This is project was inspired by DataQuest and is an exploration of the Automobile dataset from UC Irvine consisting of car attributes from 1985.


Importing and Cleaning the Data

# The column names are messy. Let's rename them
colnames(cars) <- c(
  "symboling",
  "normalized_losses",
  "make",
  "fuel_type",
  "aspiration",
  "num_doors",
  "body_style",
  "drive_wheels",
  "engine_location",
  "wheel_base",
  "length",
  "width",
  "height",
  "curb_weight",
  "engine_type",
  "num_cylinders",
  "engine_size",
  "fuel_system",
  "bore",
  "stroke",
  "compression_ratio",
  "horsepower",
  "peak_rpm",
  "city_mpg",
  "highway_mpg",
  "price"
)

# Remove non-numerical columns and missing data
cars <- cars %>% 
  select(
    symboling, wheel_base, length, width, height, curb_weight,
    engine_size, bore, stroke, compression_ratio, horsepower,
    peak_rpm, city_mpg, highway_mpg, price
  ) %>% 
  filter(
    stroke != "?",
    bore != "?",
    horsepower != "?",
    peak_rpm != "?",
    price != "?"
  ) %>% 
  mutate(
    stroke = as.numeric(stroke),
    bore = as.numeric(bore),
    horsepower = as.numeric(horsepower),
    peak_rpm = as.numeric(peak_rpm),
    price = as.numeric(price)
  )

# Confirming that each of the columns are numeric
map(cars, typeof)


Examine the Data

# Examining relationships between predictors 
featurePlot(cars, cars$price)

There is a positive relationship between price and the following variables:

These variables appear scattered and have no clear relationship to price:

# Plot distribution of prices
ggplot(cars, aes(x = price)) +
  geom_histogram(color = "red") +
  labs(
    title = "Distribution of prices in cars dataset",
    x = "Price",
    y = "Frequency"
  )

Car prices below $20,000 are reasonably distributed. The range of prices is $5,118 to $45,400.

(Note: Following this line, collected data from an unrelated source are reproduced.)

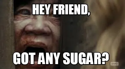 Make your own "Hey friend, got any sugar?" meme with MemeCreator's free online meme generator. Add text, stickers, and drawings — then download or share. No watermark, no sign-up required.
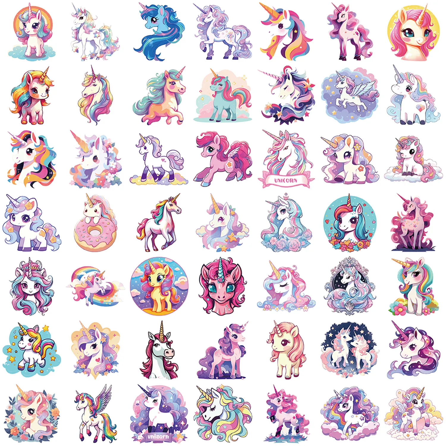 50PCS Fun Cartoon Unicorn Graffiti Stickers Scrapbooking Collage Material Phone Cases Guitar Notebooks DIY Decorative
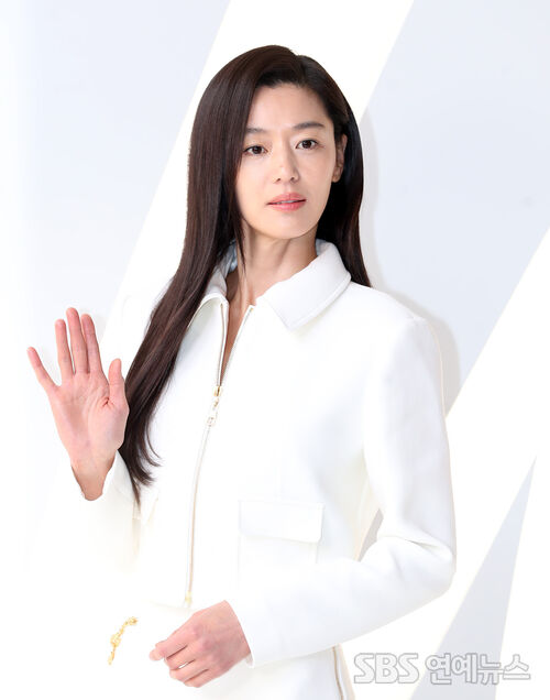 Gianna Jun strikes a pose at the Merz Aesthetics brand photo wall event held on Bukchon-ro in Jongno-gu, Seoul, on the morning of the 27th.
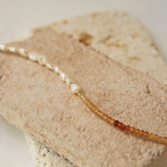 ホワイトホタルガラス×天然石チェーンブレスレット/14KGF
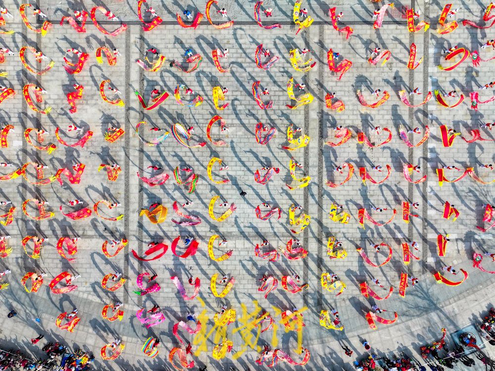 表演者们手持彩带龙,伴随着铿锵有力的鼓点,舞动出流畅而富有力量的姿态。龙头灵动,龙身彩绸翻飞,现场观众掌声不断,喝彩连连。此次活动不仅弘扬了传统民俗文化,也展现了现代健身的活力,为“龙抬头”增添了浓厚的节日氛围。
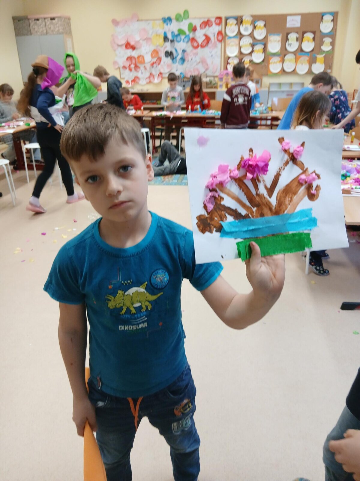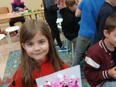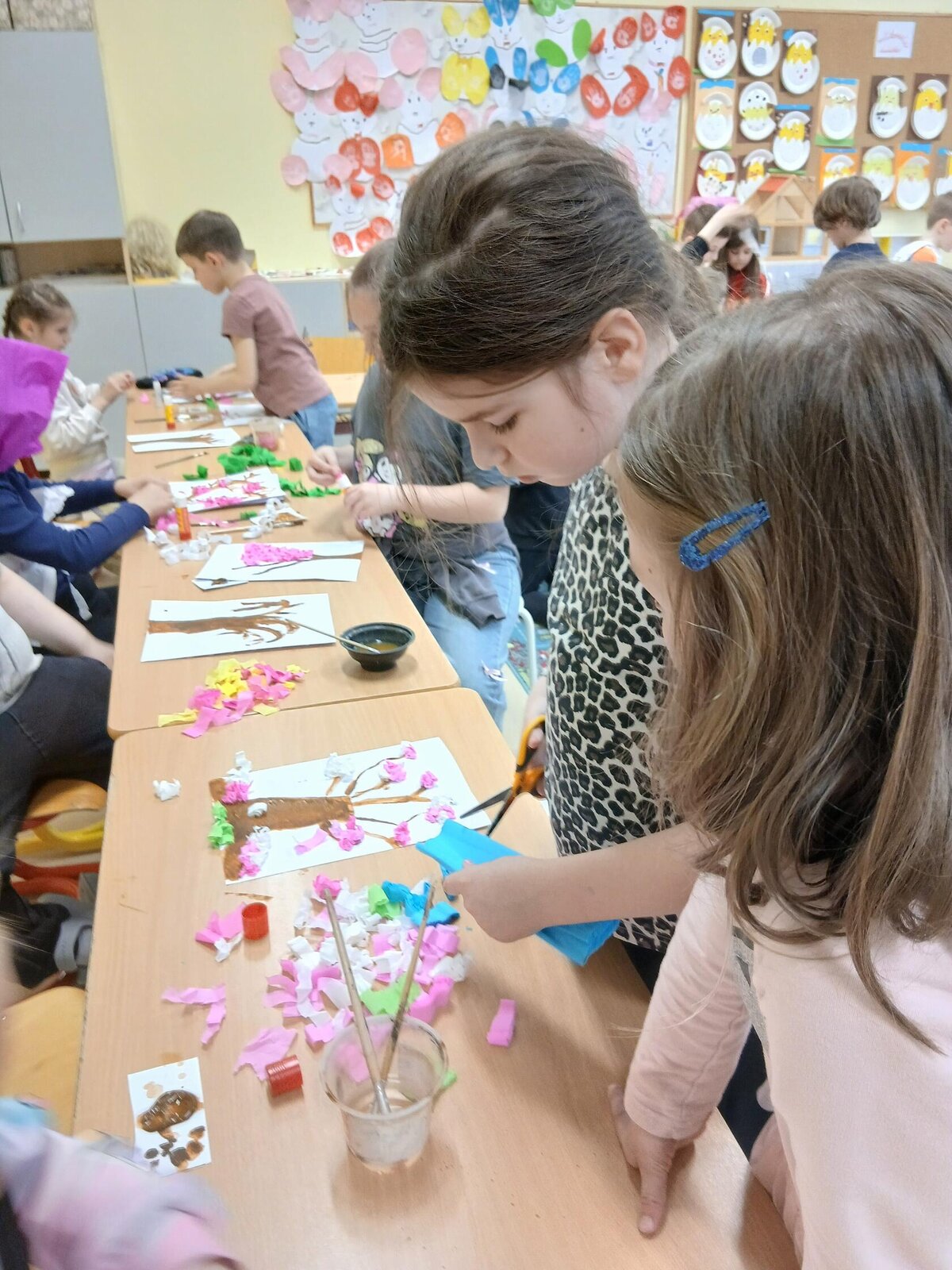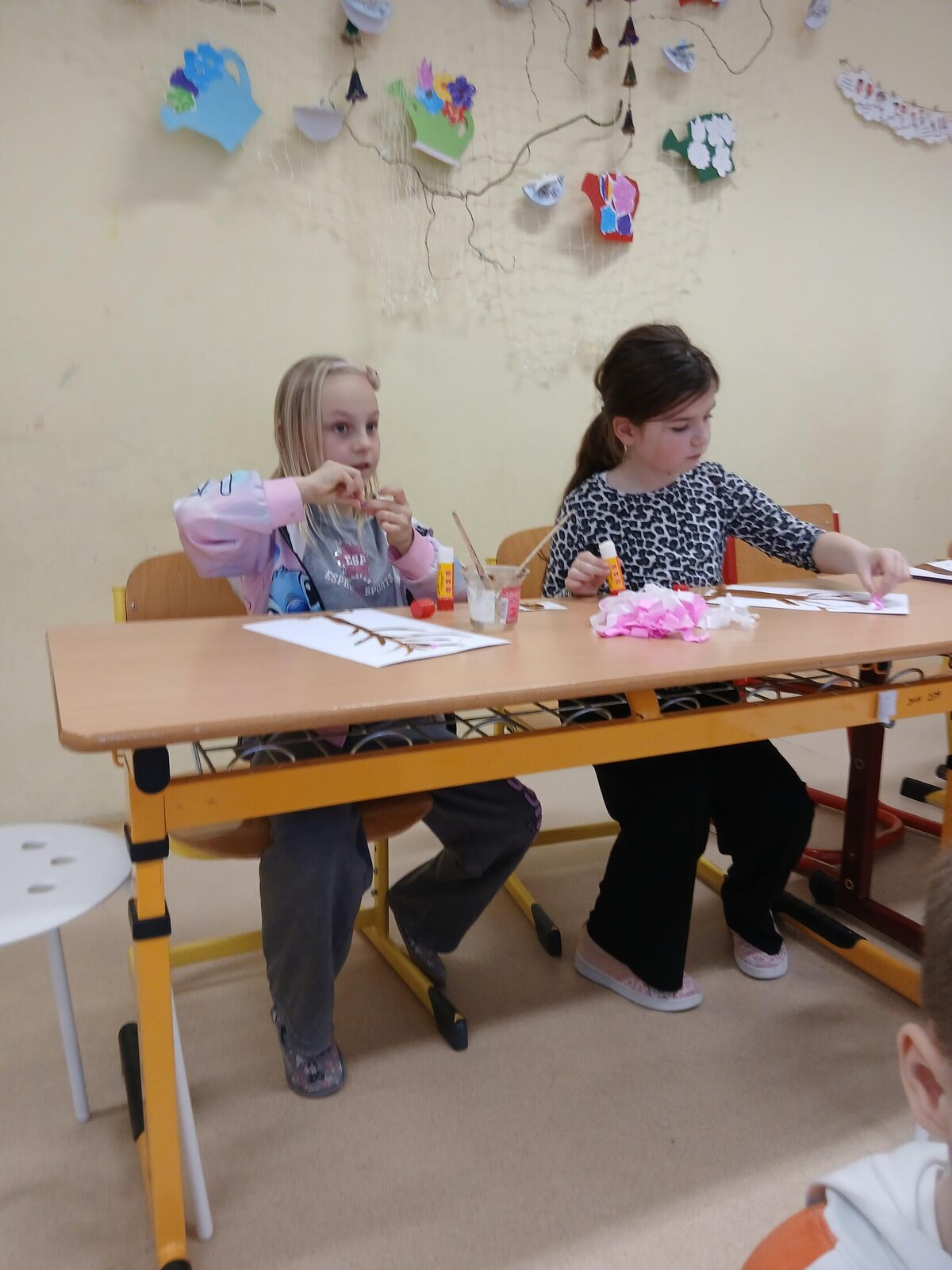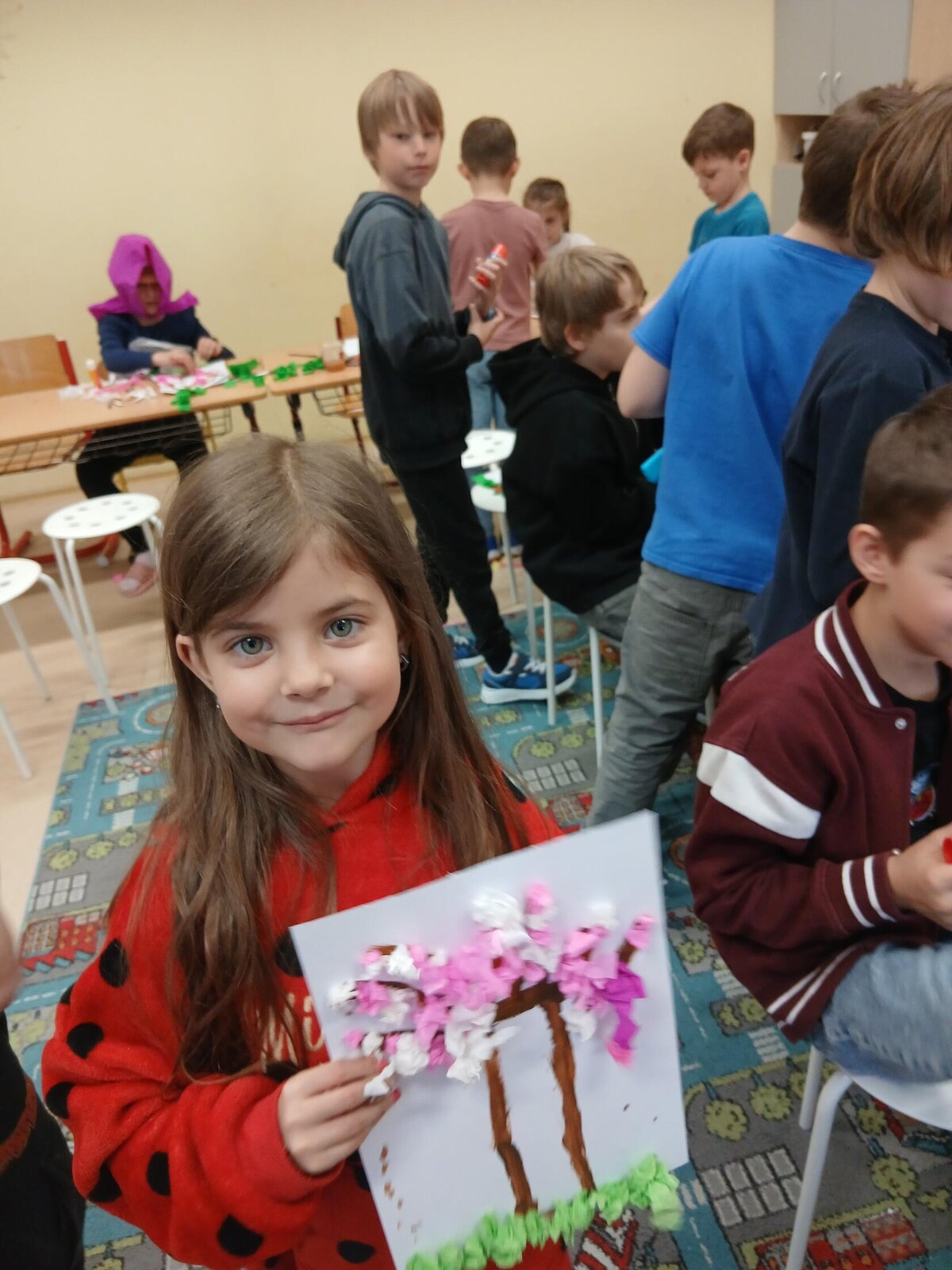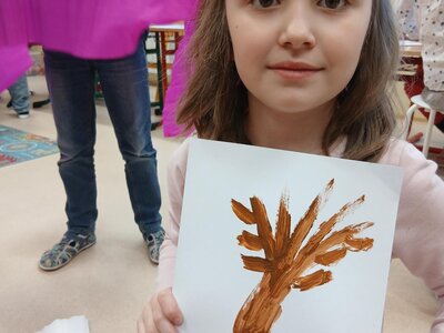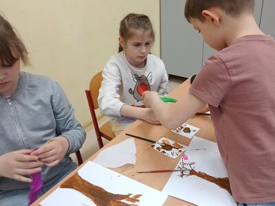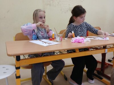 Ve školní družině jsme se věnovali jarnímu tvoření a výsledkem jsou krásné obrázky rozkvetlých stromů. Děti si nejprve namalovaly kmen a větve stromu, které následně ozdobily květy z mačkaného papíru. Kombinací růžové a bílé barvy vznikly něžné jarní květy, které dodaly obrázkům veselý a svěží vzhled.
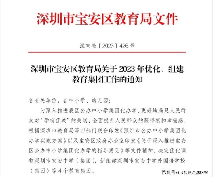 项目旁边,所规划的2个教育用地,已经正式出了红头文件,为深圳外国语宝安学校(集团)南校区,分别为1所63班九年一贯制学校,1所为27班九年一贯制学校(珈誉玖玺旁边),另外根据宝安区2024年最新的学区划分:
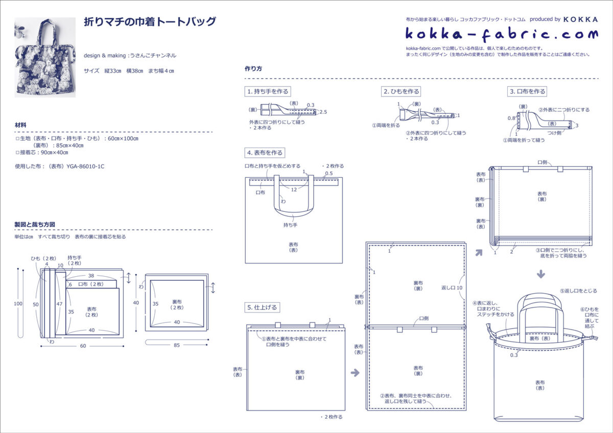 KF:うさんこチャンネルさん、どうもありがとうございました!折りマチの巾着トートバッグの作り方プロセスもうさんこチャンネルさんに撮影していただきましたので、ぜひ、作り方シート(PDF)と合わせて参考にしてくださいね。
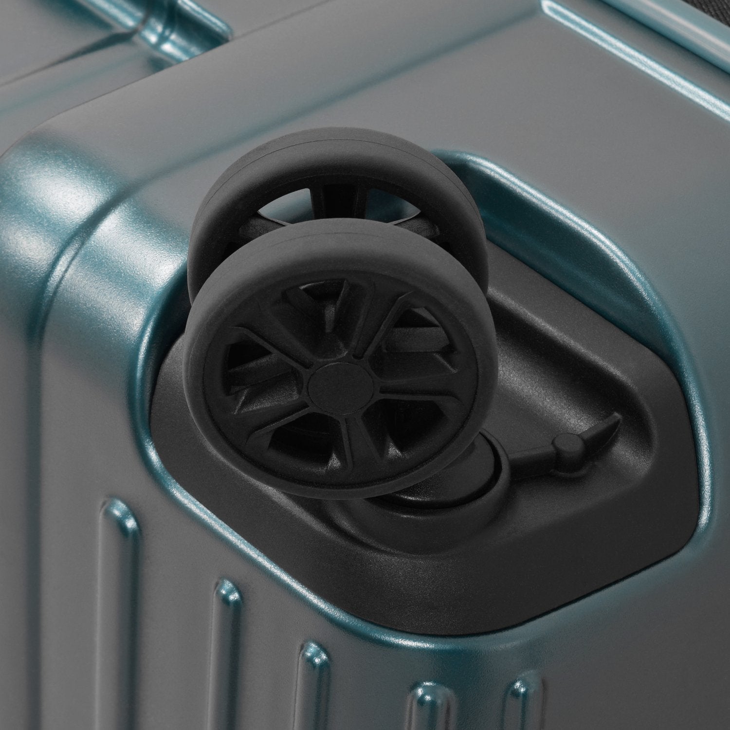 • Locking push button handle system with aluminum channels for added strength. Deluxe 8-wheel multi-directional 360 degree spin technology.
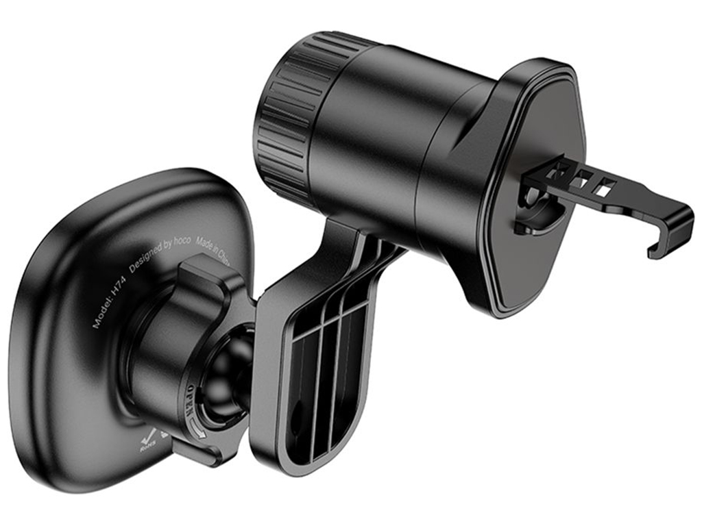 Автомобильный держатель Hoco H74 - это магнитное крепление, которое обеспечивает удобное и быстрое размещение смартфона в салоне авто. Компактная конструкция с размерами 98×60×99 мм не перекрывает поток воздуха из дефлектора и не мешает обзору, сохраняя при этом максимальную функциональность. Корпус изготовлен из прочного ABS-пластика с силиконовыми накладками, предотвращающими царапины на корпусе устройства. Встроенный кольцевой магнит надежно фиксирует смартфоны с поддержкой MagSafe (iPhone 12-16) или любые другие модели с комплектным магнитным кольцом, диагональю от 4.5 до 7.0 дюймов. Удлиненная ножка с двумя шарнирными соединениями позволяет гибко настроить положение смартфона, даже если точка крепления расположена неудобно. Механическое крепление с крючком обеспечивает надежную фиксацию на большинстве вентиляционных решеток (кроме радиальных).

Split Testing and Modeling Data

split_indicies <- createDataPartition(cars$price, p = 0.8, list = FALSE)
train_cars <- cars[split_indicies,]
test_cars <- cars[-split_indicies,]


Cross-Validation and Hyperparameter Optimization

The model is tested 5 times on slightly different parts of the data to make sure the model is not just lucky or over-fitting.

# 5-fold cross validation
five_fold_control <- trainControl(method = "cv", number = 5)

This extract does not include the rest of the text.